Effect of donor characteristics, technique of harvesting and in vitro processing on culturing of human marrow stroma cells for tissue engineered growth of bone

Abstract

The aim of this study was to assess the effect of donor characteristics and the technique of harvesting and in vitro processing on the efficacy of culturing of human mesenchymal stem cells (hMSCs) for tissue engineered growth of bone. Cultures of hMSCs were derived from iliac crest bone marrow aspirates (21 donors, age 11-76) and from cancellous bone grafting material (32 donors, age 13-84). Age had no significant effect on the ability to isolate and culture hMSCs, although the failure rate was 55.6% in donors beyond the age of 60, while it varied between 14.3% and 22.2% in donors under 60 years of age. Male and female donors had comparable failure rates (27.3% and 28.6%, respectively). Culturing of hMSCs was successful in 90.4% of marrow aspirates from 21 donors and in 62.5% of cancellous bone specimens from 35 donors.
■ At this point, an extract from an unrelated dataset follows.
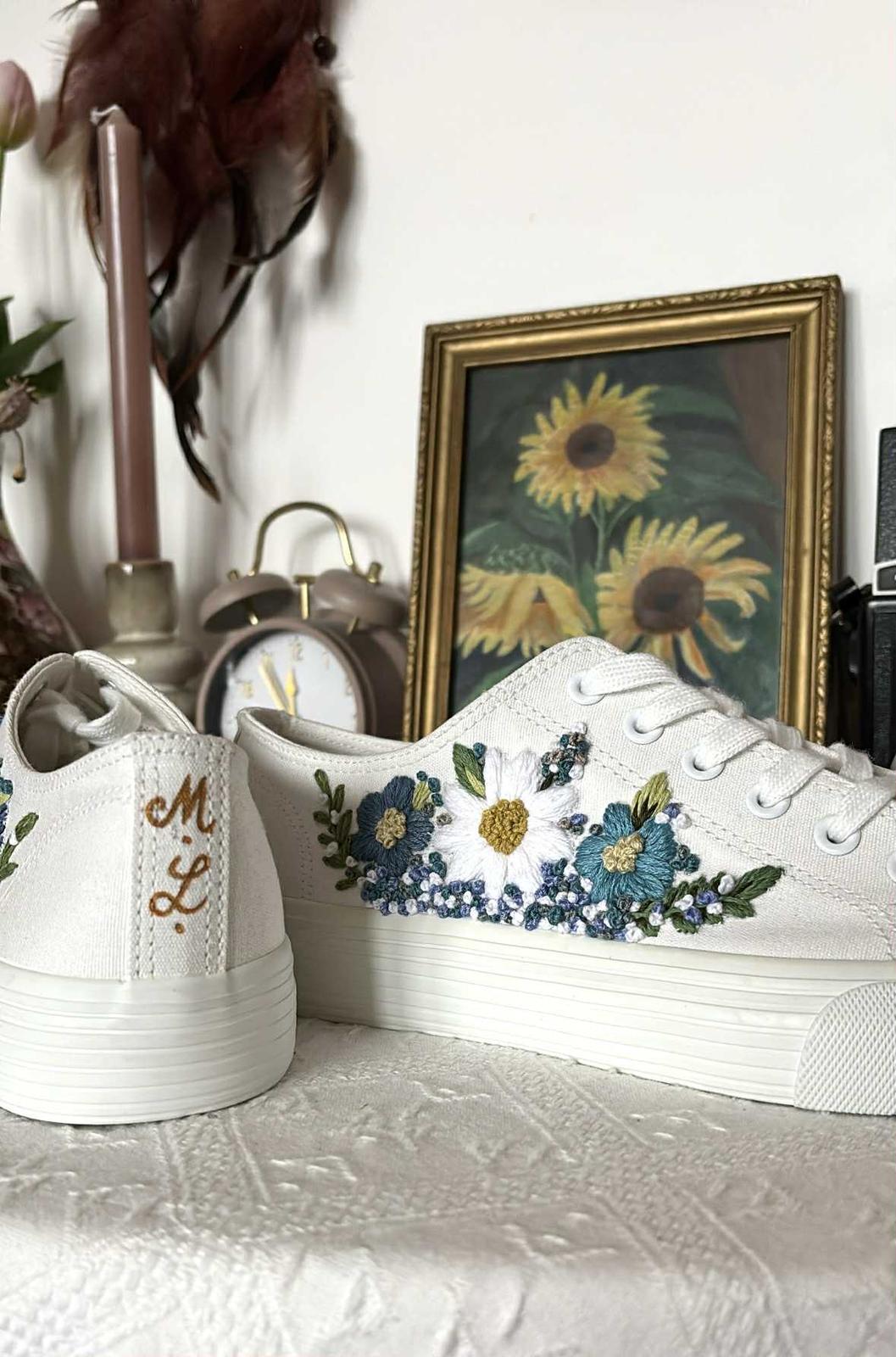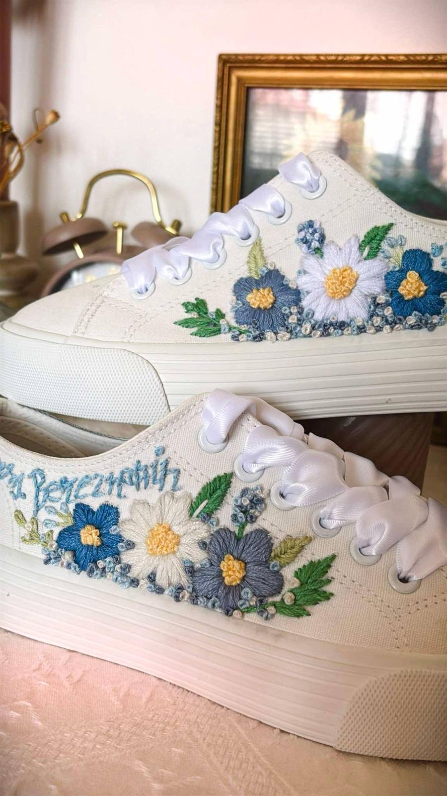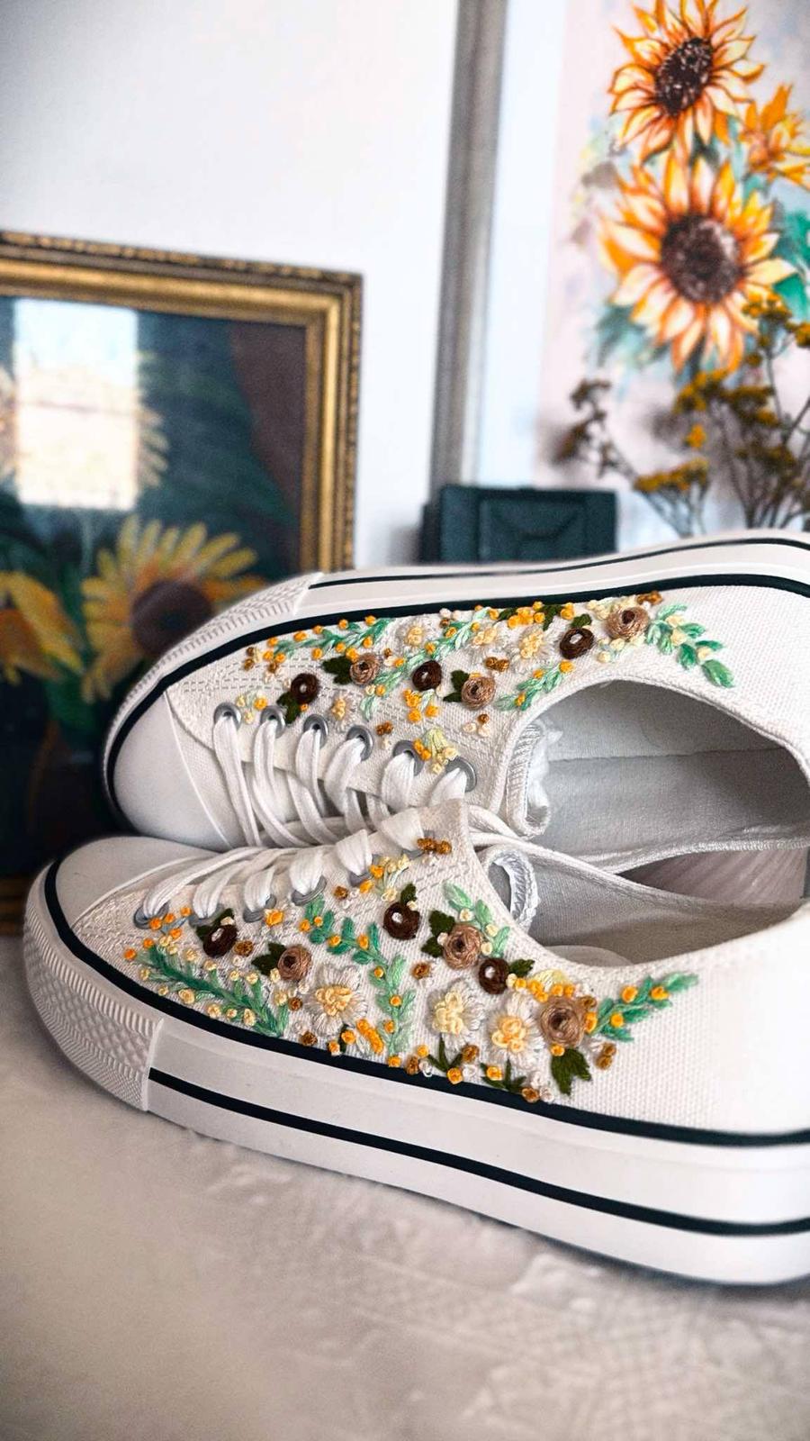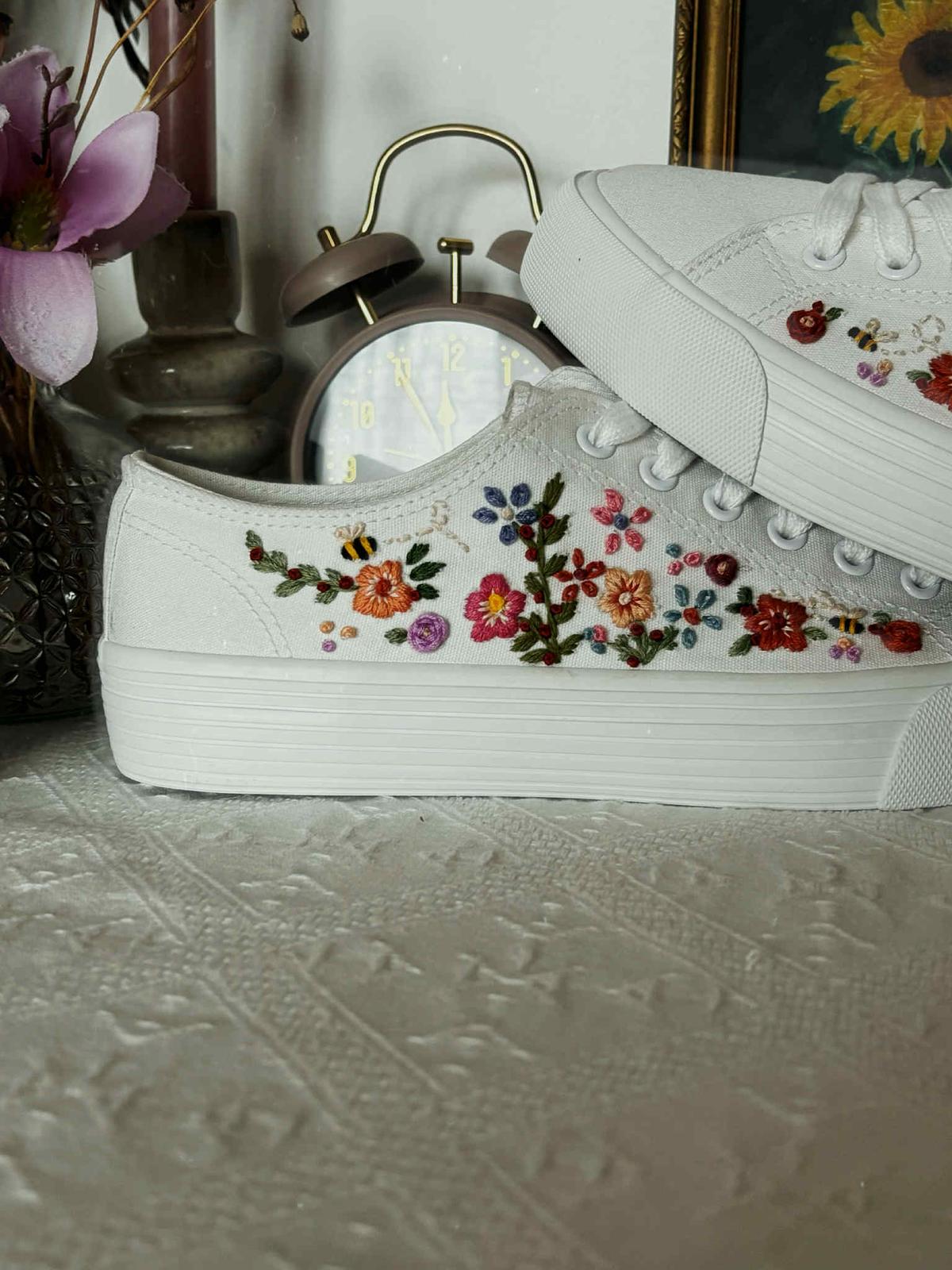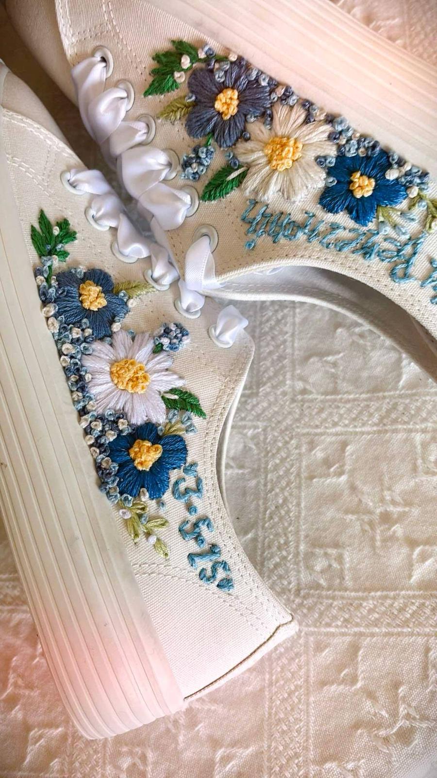 Plátené tenisky zdobené ručnou výšivkou.

This difference was statistically significant (P=0.023). Regression analysis confirmed that at simultaneous testing of the three variables, only the source of cells significantly affected the result (P=0.043). Morphological evaluation of the unfractionated primary population showed a change in cell shape of the adherent cells from a triangular into thin spindle-shaped elongated form, which remains until confluence. When the cultures were exposed to osteoinductive medium, various morphotypes expressing different levels of alkaline phosphatase and secreting different amounts of mineral were evident. Morphology of marrow stroma cells (MSCs) from marrow aspirates was not different from MSCs derived from cancellous bone specimens. Expression of osteogenic markers in MSCs as shown by PCR as well, did not differ between the two sources. It is concluded that marrow aspirates and cancellous bone specimens produce comparable populations of MSCs. However, bone marrow aspirates from donors under the age of 60 years rather than cancellous bone chips are favourable for isolation and expansion of hMSCs for tissue engineered growth of bone.